Obama Holds White House Health Care Summit


President Obama hosted almost 150 elected officials, doctors, patients, business owners, and insurers on Thursday for a White House forum on health care reform. The Washington Post reports Obama “reiterated his intention to press for legislation this year that dramatically expands insurance coverage, improves health care quality and reins in skyrocketing medical costs.”


Cato senior fellow Michael D. Tanner responds:

The Obama administration and its allies mainly seek greater government control over one-seventh of the U.S. economy and some of our most important, personal, and private decisions. They favor individual and employer mandates, increased insurance regulation, middle-class subsidies, and a government-run system in competition with private insurance. On the other side are those who seek free market reforms and more consumer-centered health care.


These differences are profound and important. They cannot and should not be papered over by easy talk of bipartisanship.

In a new article, Tanner explains why universal health care is not the best option for Americans seeking a better system:

If there is a lesson which U.S. policymakers can take from national health care systems around the world, it is not to follow the road to government-run national health care, but to increase consumer incentives and control.

To find out how the free market system can increase health care security, read University of Chicago professor John H. Cochrane’s new policy analysis, which explains how markets can “provide life-long, portable health security, while enhancing consumer choice and competition.”


Battle Over Washington DC School Choice Program Continues


Congressional Democrats are considering cutting the funding for a pilot education program that sends low-income children in Washington, D.C., to private schools through vouchers.

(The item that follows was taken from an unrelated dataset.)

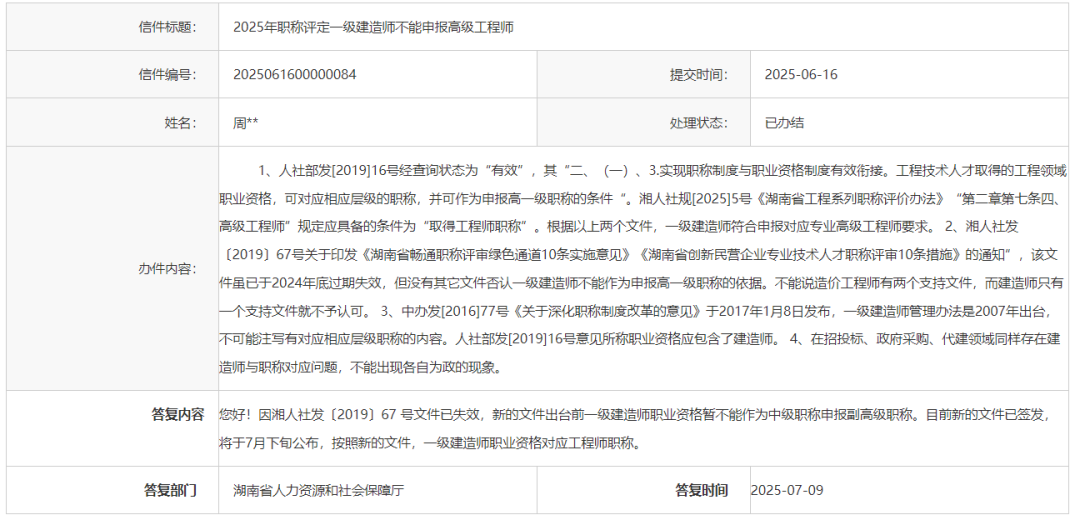 2、湘人社發(fā)〔2019〕67號關(guān)于印發(fā)《湖南省暢通職稱評審綠色通道10條實施意見》《湖南省創(chuàng)新民營企業(yè)專業(yè)技術(shù)人才職稱評審10條措施》的通知”,該文件雖已于2024年底過期失效,但沒有其它文件否認一級建造師不能作為申報高一級職稱的依據(jù)。不能說造價工程師有兩個支持文件,而建造師只有一個支持文件就不予認可。

The program serves as an example of how helpful school choice programs can be to children who are born into families that cannot afford to send them to good schools.


Adam Schaeffer, policy analyst at Cato’s Center for Educational Freedom, says even the mainstream media is on the side of school choice this time.


In a recent study, Andrew J. Coulson, director of Cato’s Center for Educational Freedom, demonstrates the superiority of market-based education over monopolies.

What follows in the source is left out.